‘Trojan horse’ programs are also known simply as ‘Trojans’ or ‘backdoor Trojans’. The term refers to the famous episode mentioned in Homer’s Odyssey in which the Greeks concealed themselves in a hollow wooden statue of a horse in order to enter and plunder the gated city of Troy. Electronic Trojan horses are malicious programs, which masquerade as genuine files, such as a picture or interesting document, with the purpose of infiltrating the system and causing malicious damage.
A ‘road apple’ (also a euphemism for horse manure) is essentially a physical Trojan horse. A CD-ROM, floppy disc or perhaps a USB data storage device with an intriguing label is left somewhere that it is certain to be chanced upon. The culprit relies upon the victim’s curiosity to take the media and run it on their computer – road apples often bear such luring titles as ‘Executive Salary Summaries 2007-08’, ‘Investigation Findings’ or simply ‘Strictly Confidential’. With recent reports of government data loss by means of missing CD-ROMs fresh in people’s minds, some inquisitive sorts simply cannot resist taking a look. Unfortunately, the result can be ruinous.
Viruses and Worms
In addition to its own malicious payload, a Trojan’s contents may also include viruses or worms.
A virus is a piece of code that is capable of copying itself and, with metamorphic viruses, can then modify itself and its copies to avoid the pattern recognition of anti-virus software. Viruses attach themselves to programs or files (such as Trojan horses or a document on your computer) and are spread when the program or file is shared (e.g. when someone else opens a Trojan horse or your document).
A worm is also a self-replicating program but it does not need to hitch a ride on a program or file to spread from one computer to another. Worms can use networks to send copies of itself to other computers on the network without any user intervention. When Trojan horses contain viruses or worms or both this is called a ‘blended threat’. The combination of methods of spreading and causing damage means that blended threats can cause damage that is manifold and extremely quick to spread.
File Encryption and Data Corruption
Trojan horses may be programmed to erase or overwrite data as well as encrypt or corrupt files (often in subtle difficult-to-detect ways), which could cause havoc at the practice. It is not until the user tries to open files that they find that documents are now unopenable, unrecognisable or password-locked.

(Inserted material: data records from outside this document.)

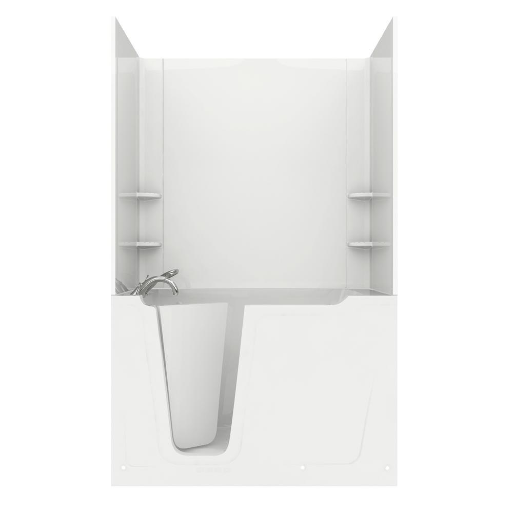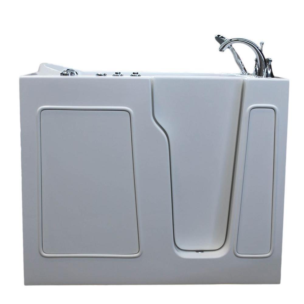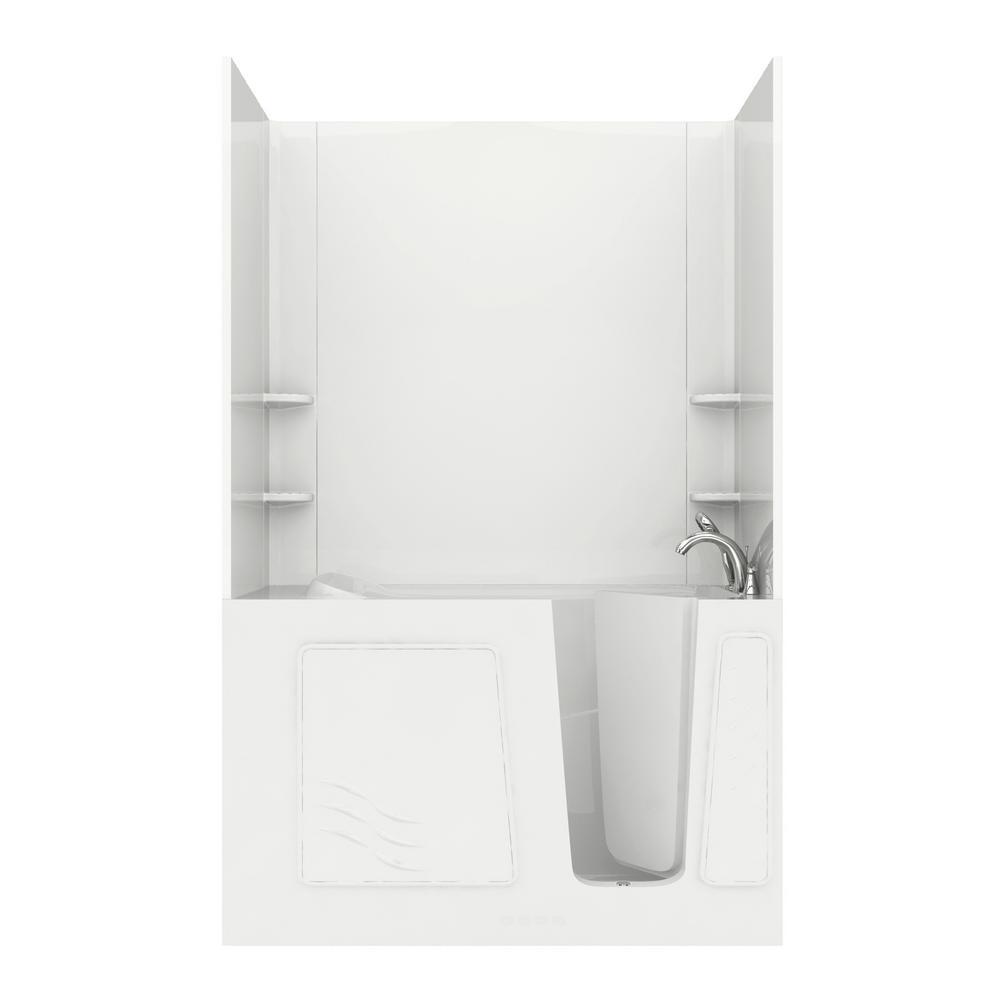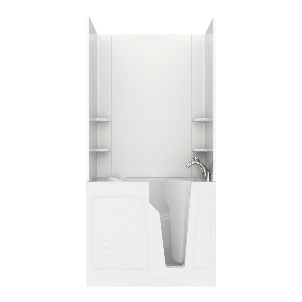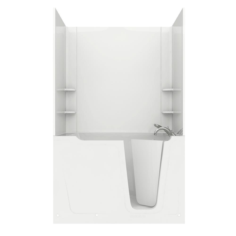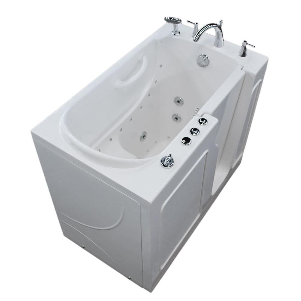 Universal Tubs Rampart Nova Heated 3.9 ft. Walk-in Whirlpool and Air Bathtub with Flat Easy Up Adhesive Wall Surround, Right Drain, White
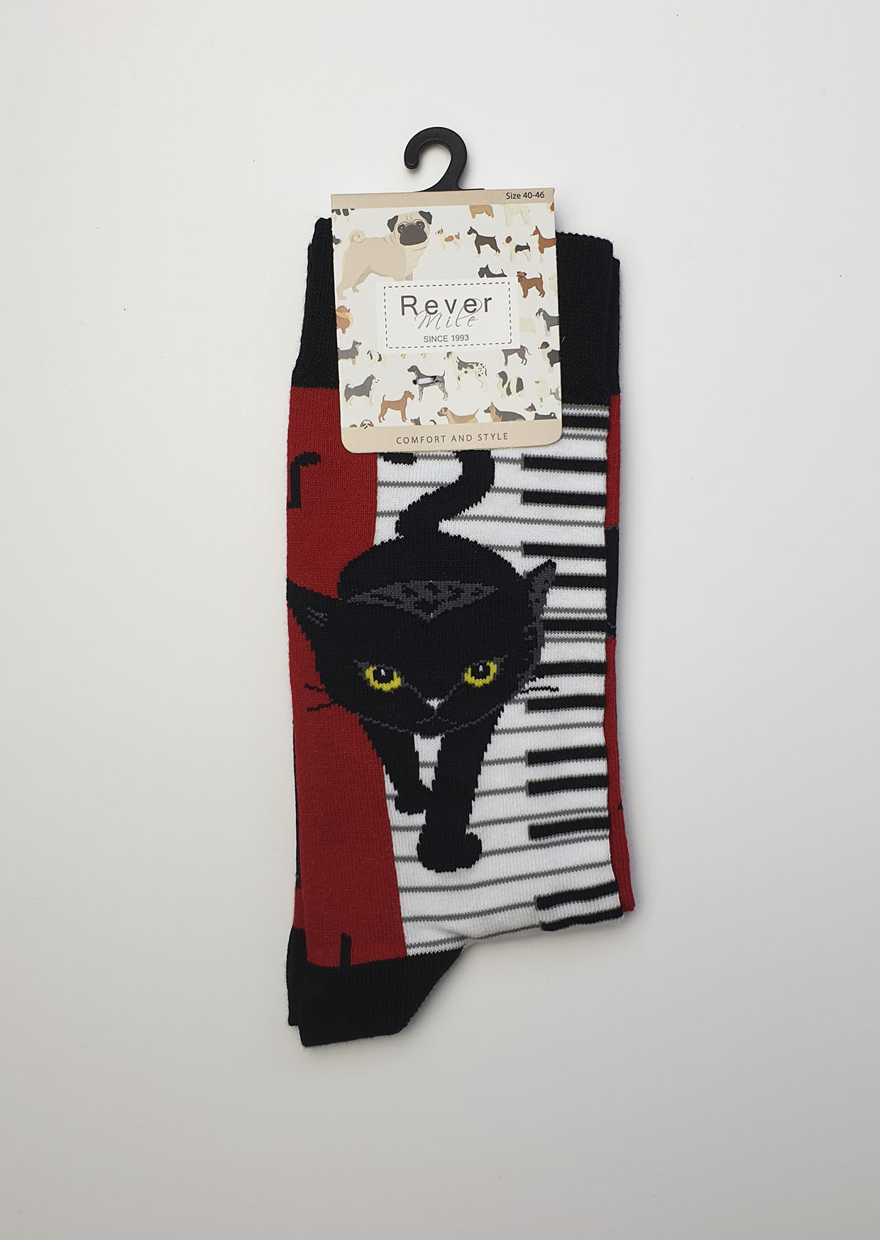 Añade un toque misterioso y divertido a tu look con estos calcetines con diseño de gato negro. Perfectos para amantes de los gatos y quienes quieren un accesorio original que destaque. Fabricados en materiales suaves y resistentes, ofrecen comodidad durante todo el día mientras su estampado elegante aporta personalidad a tus conjuntos casuales o relajados. También son un regalo ideal para fanáticos de los gatos o para quienes buscan detalles únicos en su vestimenta.
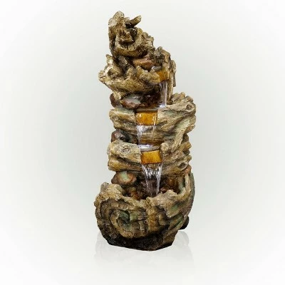 Enhance your outdoor living space with this 47″ tall Outdoor 5-Tier Tree Trunk Waterfall Floor Fountain with LED Lights from Alpine Corporation. This 5-tier cascading waterfall fountain floor statue provides a tranquil and soothing addition to your porch, backyard, or lawn. Constructed from durable polystone and fiberglass, this tall lawn statue will provide a blissful and harmonious addition to your home’s backyard. Replicating an ancient tree, the fountain becomes illuminated with the included 24 white LED lights, providing you absolute bliss and is sure to make you feel like you’re sitting beside a majestic mountain stream. Relax to the sounds of the soft, natural water flow as it cascades from the top tier of the fountain to the bottom tier. Not only will the fountain provide you with serenity, it will also attract birds to your outdoor area, which in turn promotes healthy gardens. This classic and charming floor fountain provides an elegant addition to your courtyard, patio, or yard, and gives your garden visual interest with its timeless design and natural waterfall style. For quick install and convenient operating, the waterfall fountain includes all necessary parts, as well as a pump, to begin creating an outdoor oasis. This standing fountain measures 27″L x 20″W x 47″H to fit almost any outdoor space and includes a one year manufacturer’s warranty from date of purchase.
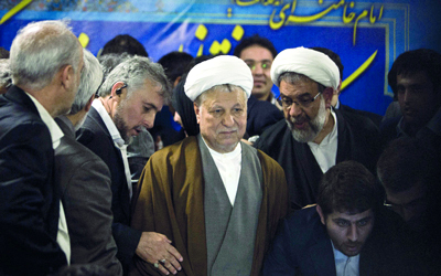 رفسنجاني لدى وصوله لجنة الانتخابات بوزارة الداخلية. أ.ف.ب
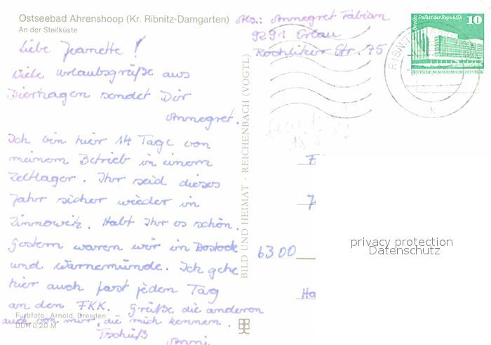 72629297 alte Postkarte Ahrenshoop Ostseebad Steilkueste Strand postalisch gelaufen Erhaltung siehe scans [WerneD78] KatCode: 11110013057002
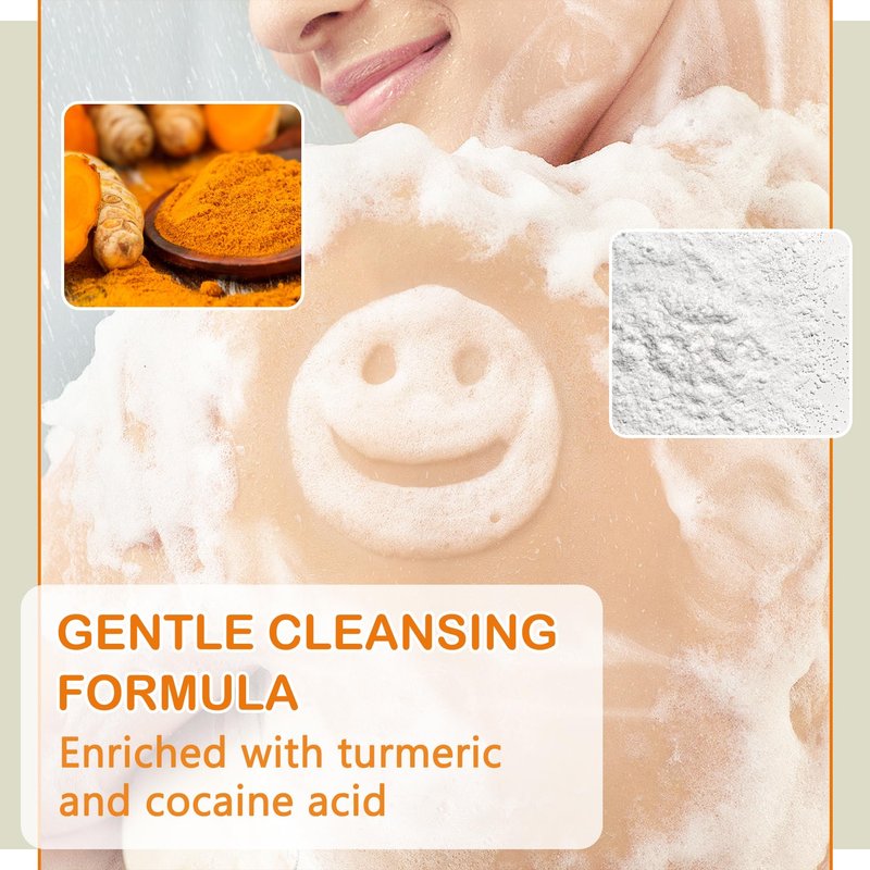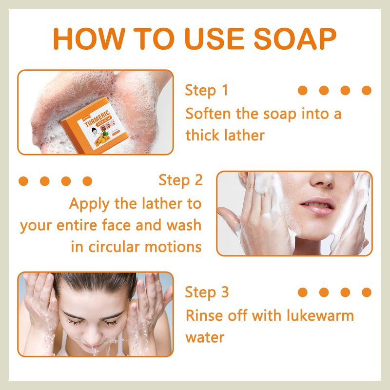 - 💕【How to Use】Place the turmeric soap bar into the lathering net,wet with water and knead out the rich foam,apply the foam to face or body,and finally rinse off with warm water to bring you a refreshing cleansing experience.
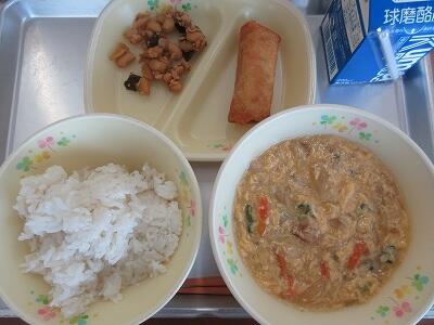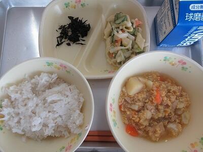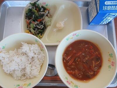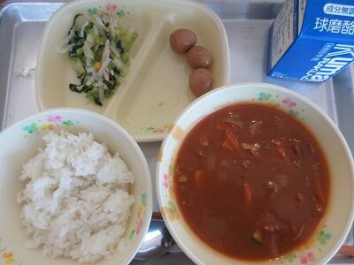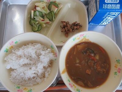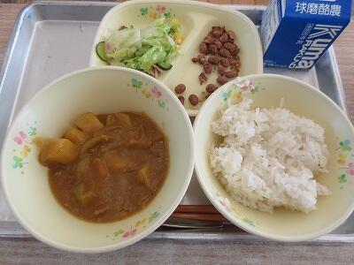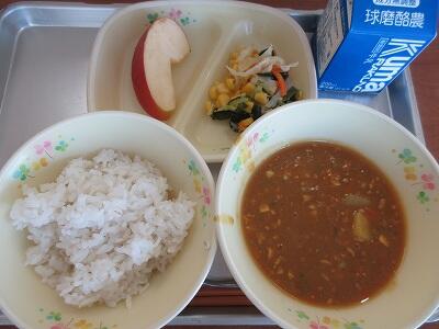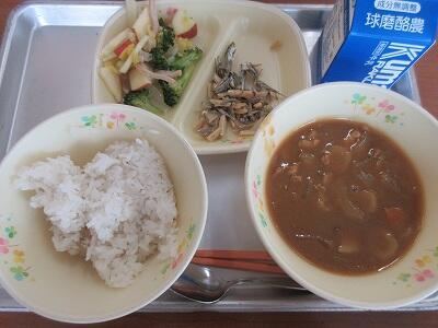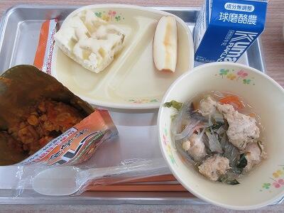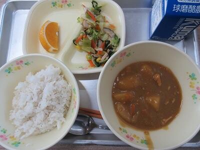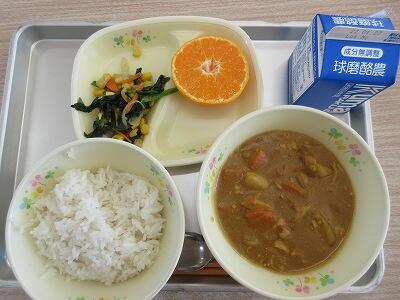 今日もおいしくいただきました。今日は、みんなうれしい「カレー」の日でした。いつもおきまりの「昨日もカレーだったよ~」の声は、今日はきかれませんでしたが、きっとそんな子もいたことでしょう。また、今日はりんご→スイートスプリングに変更でした。このスイートスプリングは、氷川町高塚の西村さんから寄贈していただいたものだそうです。さわやかな甘さで、おいしかったです。
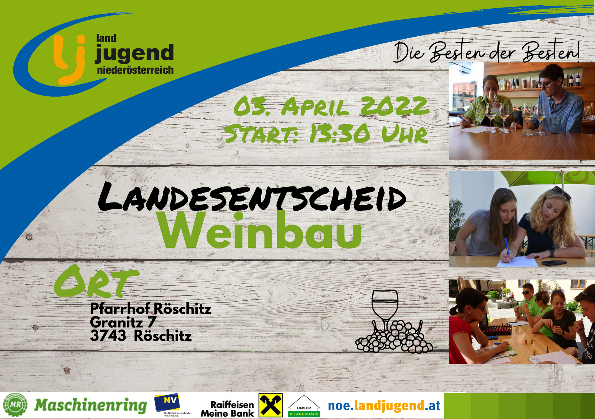 Am 03. April 2022 ist es wieder soweit und ihr könnt euch beim diesjährigen Landesentscheid Weinbau dem Produkt Wein stellen. Die Winzerhöfe in Röschitz öffnen ihre Tor und trefft dort auf eure Mitstreiter*innen und stellt euer Wissen unter Beweis!
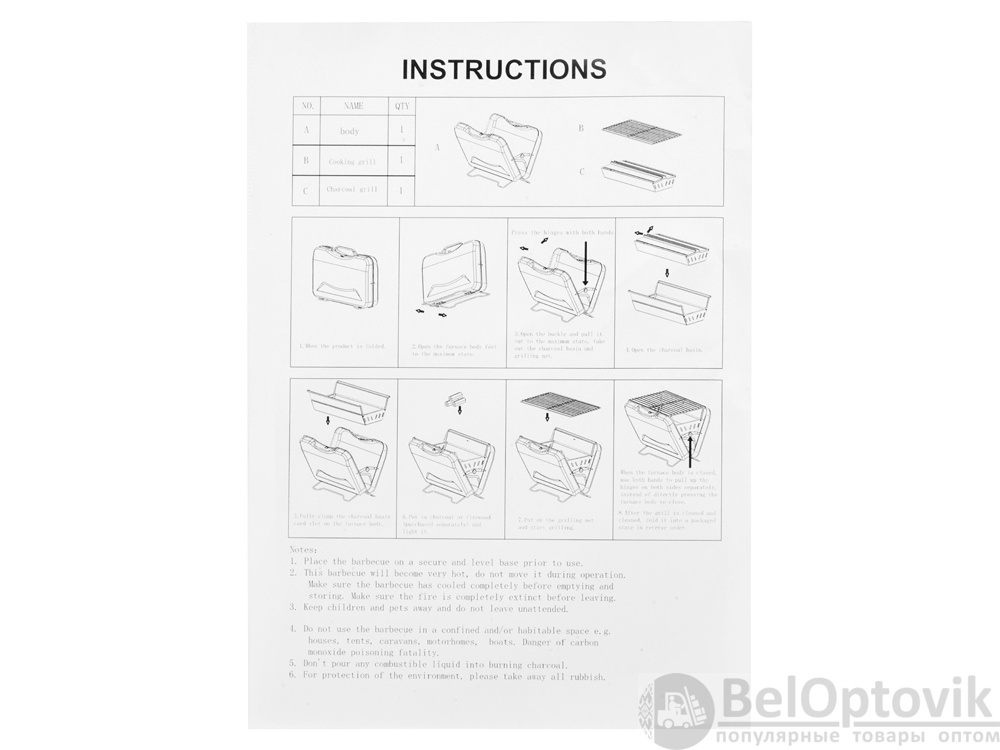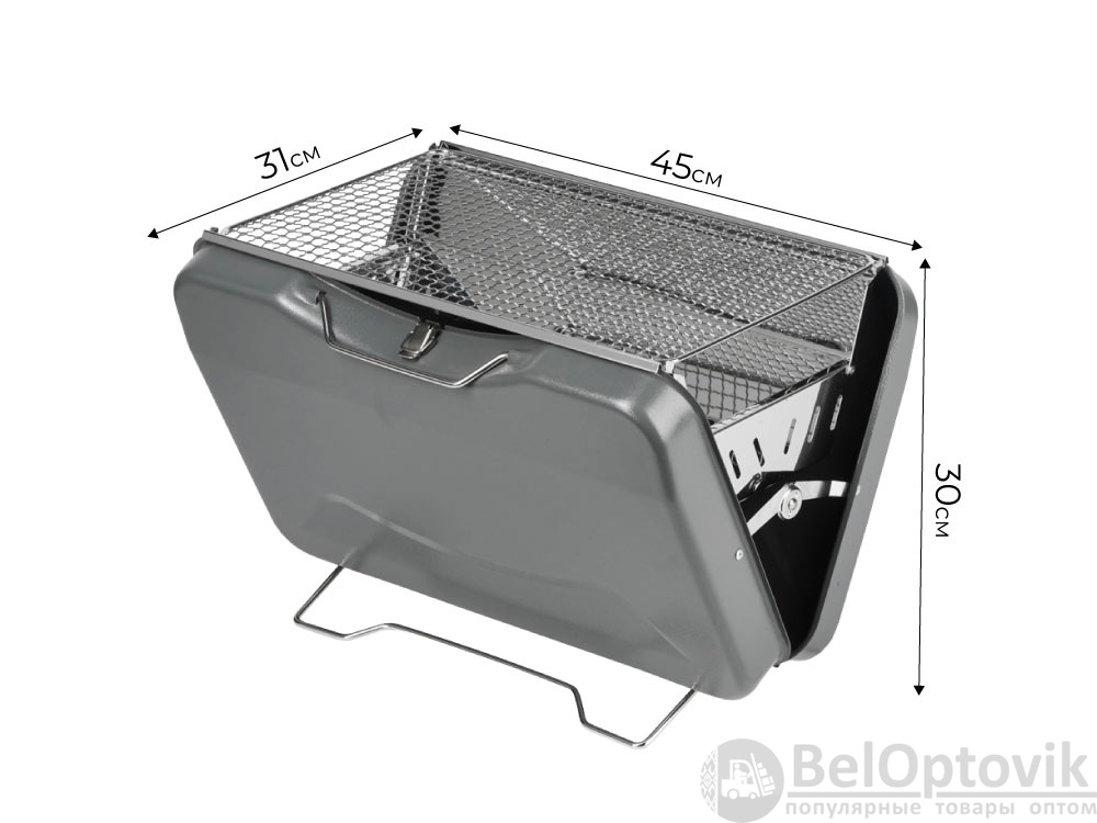 - Комплектность: гриль-чемодан, подставка для угля, решетка для гриля

Trojan horses frequently upload and download files onto computers as well as show fake dialogue boxes that say material is being uploaded or downloaded. These may include adware and spyware programs (see below) as well as risque material and other unsolicited material. This can make working impossible, as the user is frequently interrupted by messages that files are being uploaded or downloaded, and the activity also uses up bandwith and hard disk space.
Adware and Spyware
Adware is software from advertising companies that enables pertinent pop-up ads to appear at opportune moments. Spyware is truly unwelcome as it tracks users in the same way as adware but it is downloaded without the user really knowing that it is being installed. The main problem is that the software lurks on a PC and secretly communicates with its originator. This hidden software is often difficult to remove and affects the way the computer operates and, in some instances, causes it to crash or freeze. Details of your computer, keystrokes used, certain passwords, and websites that are visited can easily be transmitted back to the originators or even third parties.
Denial of Service Attacks
This occurs when an arrangement of data is sent to a system and prevents it from working as it should. A Denial of Service (DOS) has as its sole function to interrupt the recipient’s Internet connection and/or network. It works by bombarding a targeted server with requests or messages and completely overloading it, therefore precluding genuine users making legitimate requests.
An extremely worrying notion for the practice is the possibility that anyone from anywhere in the world could log on to the practice’s system. In this scenario there is untold potential for damage and costs to the practice through altering, deleting and copying information on the management system, as well as data theft. Trojan horses that allow criminals to log on to victims’ computers are called RAT horses – Remote Access Trojan horses.
Trojan Horses can take over e-mail accounts to send thousands of spam e-mails to everyone in a person’s address book. Studies have shown that over half of all spam is sent from ‘zombie computers’ – computers which have been compromised by a hacker, virus or Trojan horse.
Anti Virus Software
It should be noted that while antivirus software (like Norton) is appropriate (and essential) for the home PC, it’s not enough to protect the entire practice network. It’s therefore important to either connect only one stand-alone computer (not on the practice network) to the Internet – not ideal if more than one member of the team wants to go online at once – or to make use of a managed and professional service to connect to the World Wide Web.
Also, it is crucial that staff are aware that they should never open unsolicited e-mail, visit dubious websites or run files from unknown external media. As always, prevention is definitely better than cure!